*** Source information Section Begins ***

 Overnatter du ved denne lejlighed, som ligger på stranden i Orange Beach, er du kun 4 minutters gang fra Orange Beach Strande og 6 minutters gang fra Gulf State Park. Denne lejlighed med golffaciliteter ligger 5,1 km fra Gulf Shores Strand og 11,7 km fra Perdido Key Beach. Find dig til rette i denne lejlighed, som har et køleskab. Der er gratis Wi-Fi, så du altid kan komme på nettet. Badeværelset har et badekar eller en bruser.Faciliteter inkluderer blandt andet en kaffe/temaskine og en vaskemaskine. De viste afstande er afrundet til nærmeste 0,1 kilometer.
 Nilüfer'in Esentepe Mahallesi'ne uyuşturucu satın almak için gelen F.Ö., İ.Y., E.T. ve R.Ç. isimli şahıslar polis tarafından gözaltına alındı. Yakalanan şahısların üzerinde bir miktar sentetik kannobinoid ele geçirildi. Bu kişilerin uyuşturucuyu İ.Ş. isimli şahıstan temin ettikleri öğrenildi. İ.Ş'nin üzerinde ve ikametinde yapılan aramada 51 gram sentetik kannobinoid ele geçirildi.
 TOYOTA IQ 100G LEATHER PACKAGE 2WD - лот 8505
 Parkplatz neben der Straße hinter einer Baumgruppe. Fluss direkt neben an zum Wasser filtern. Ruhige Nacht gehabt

*** Source information Section Ends ***
*** Source information Section Begins ***

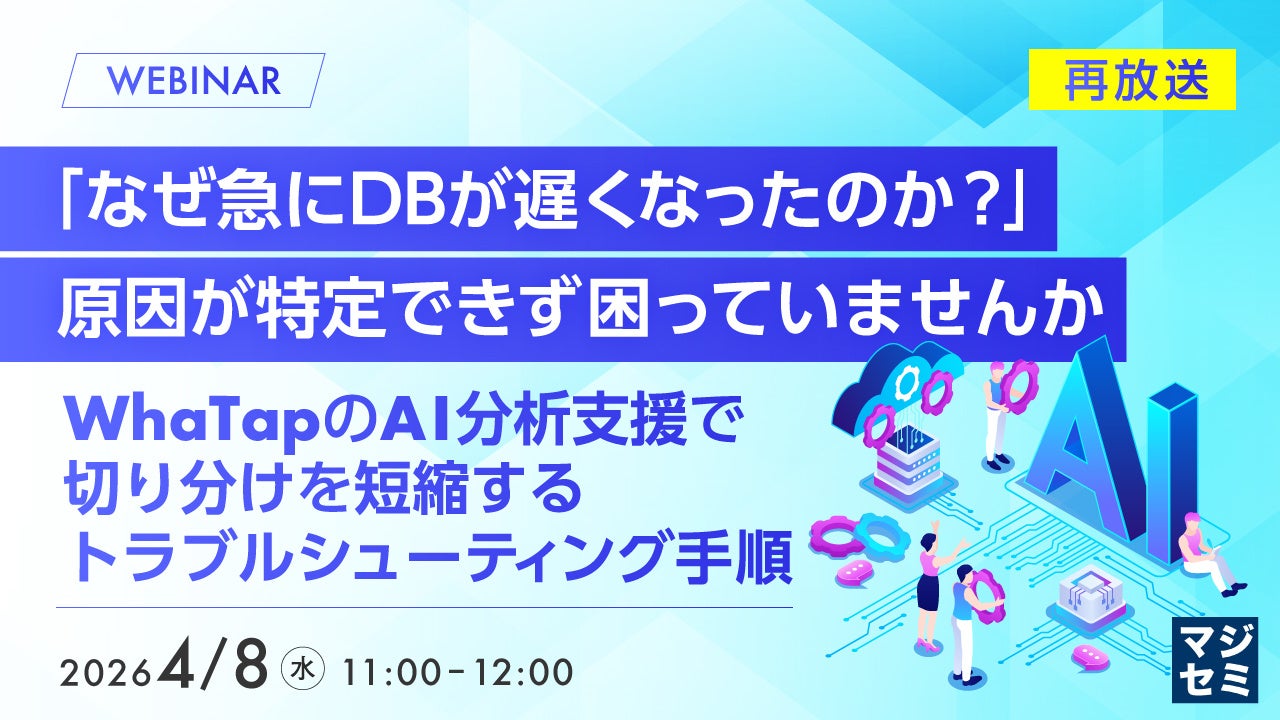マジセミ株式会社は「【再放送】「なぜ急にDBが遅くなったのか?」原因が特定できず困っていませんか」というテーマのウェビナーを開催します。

*** Source information Section Ends ***
*** Source information Section Begins ***

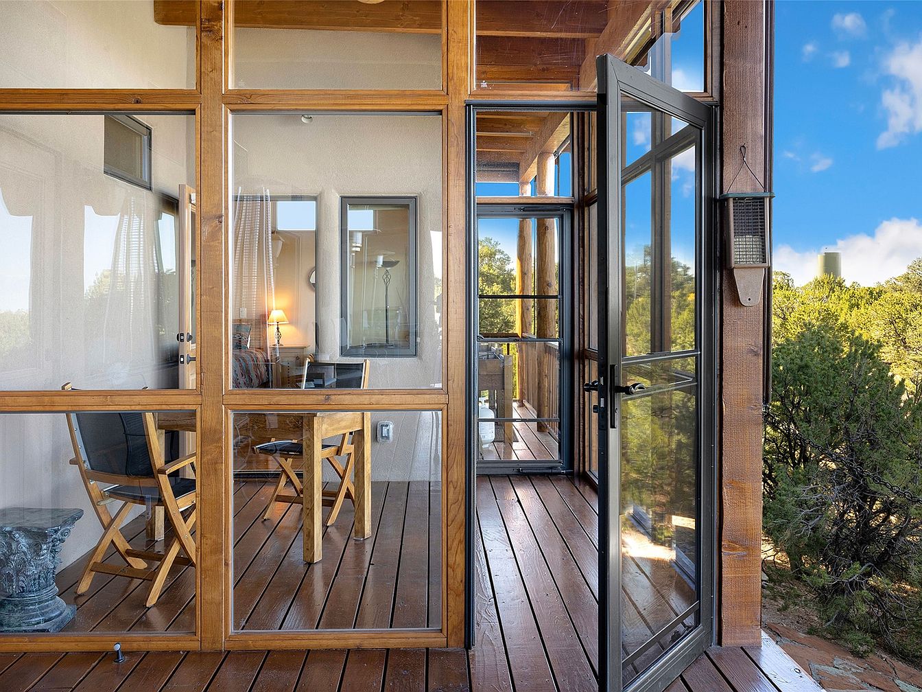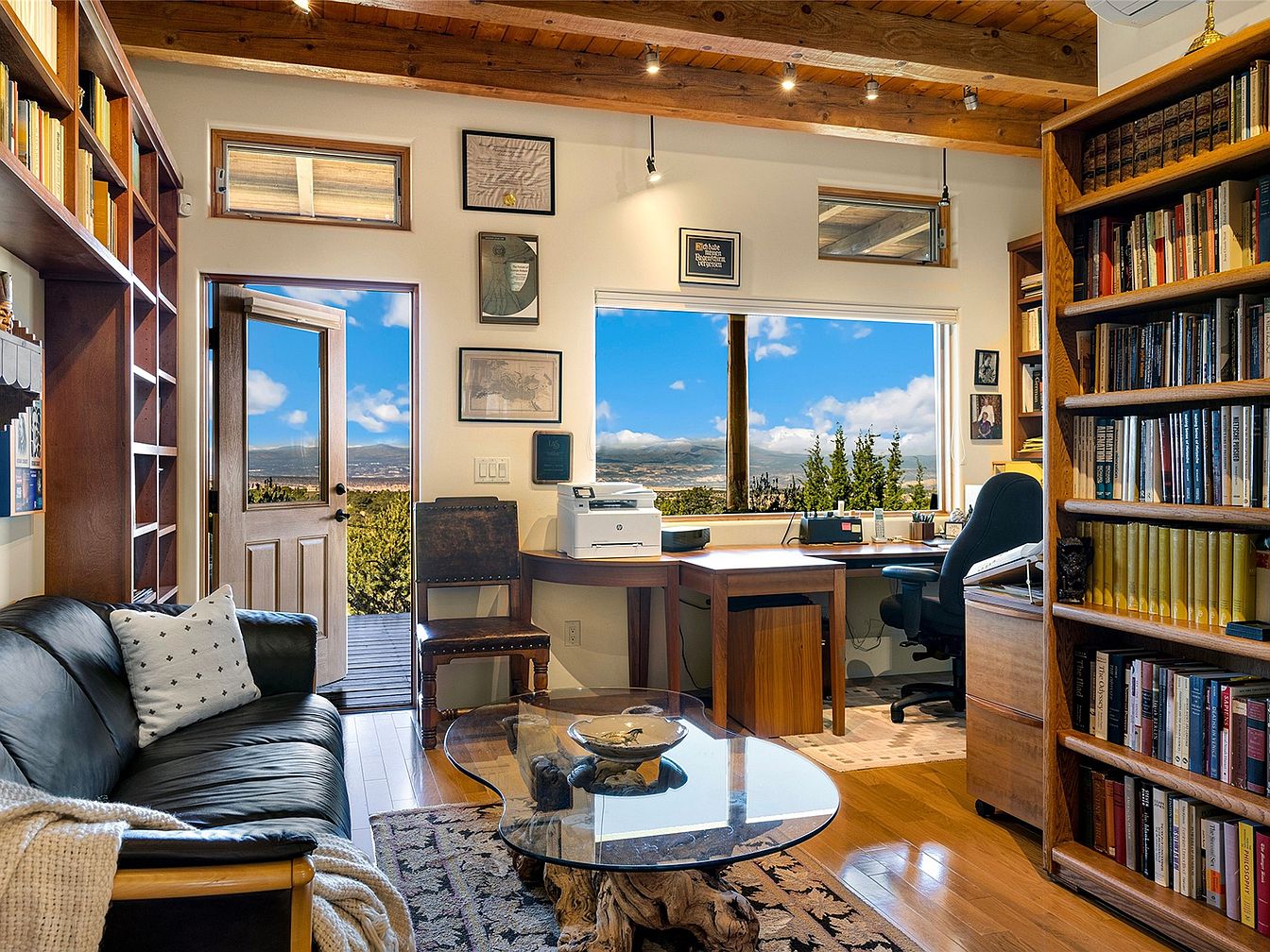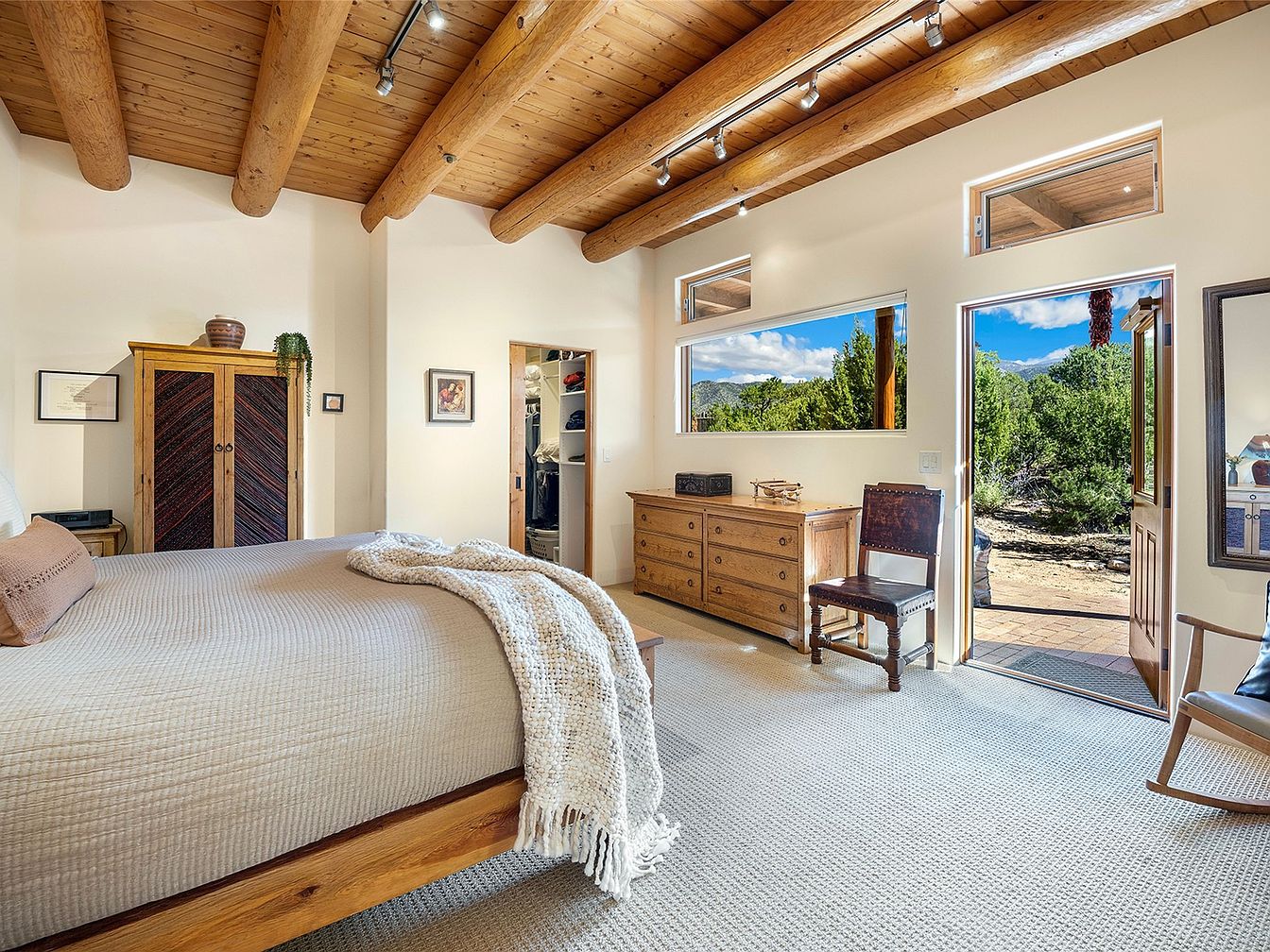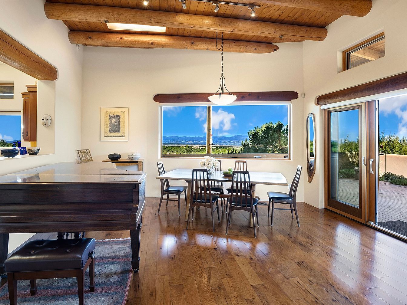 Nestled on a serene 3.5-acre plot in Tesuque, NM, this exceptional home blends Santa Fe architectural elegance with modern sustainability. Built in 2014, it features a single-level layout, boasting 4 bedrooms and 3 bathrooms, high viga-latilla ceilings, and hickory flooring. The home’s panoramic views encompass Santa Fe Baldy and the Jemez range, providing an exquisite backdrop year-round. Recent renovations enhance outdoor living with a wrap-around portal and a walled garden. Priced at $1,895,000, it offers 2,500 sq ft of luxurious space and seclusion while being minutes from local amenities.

*** Source information Section Ends ***

* [Exercise details]: Please give again the lines above between the line holding "Overnatter du ved" and the line holding "Parkplatz neben der", inclusive, exactly as they are and with nothing added.

* [Task answer]:
 Overnatter du ved denne lejlighed, som ligger på stranden i Orange Beach, er du kun 4 minutters gang fra Orange Beach Strande og 6 minutters gang fra Gulf State Park. Denne lejlighed med golffaciliteter ligger 5,1 km fra Gulf Shores Strand og 11,7 km fra Perdido Key Beach. Find dig til rette i denne lejlighed, som har et køleskab. Der er gratis Wi-Fi, så du altid kan komme på nettet. Badeværelset har et badekar eller en bruser.Faciliteter inkluderer blandt andet en kaffe/temaskine og en vaskemaskine. De viste afstande er afrundet til nærmeste 0,1 kilometer.
 Nilüfer'in Esentepe Mahallesi'ne uyuşturucu satın almak için gelen F.Ö., İ.Y., E.T. ve R.Ç. isimli şahıslar polis tarafından gözaltına alındı. Yakalanan şahısların üzerinde bir miktar sentetik kannobinoid ele geçirildi. Bu kişilerin uyuşturucuyu İ.Ş. isimli şahıstan temin ettikleri öğrenildi. İ.Ş'nin üzerinde ve ikametinde yapılan aramada 51 gram sentetik kannobinoid ele geçirildi.
 TOYOTA IQ 100G LEATHER PACKAGE 2WD - лот 8505
 Parkplatz neben der Straße hinter einer Baumgruppe. Fluss direkt neben an zum Wasser filtern. Ruhige Nacht gehabt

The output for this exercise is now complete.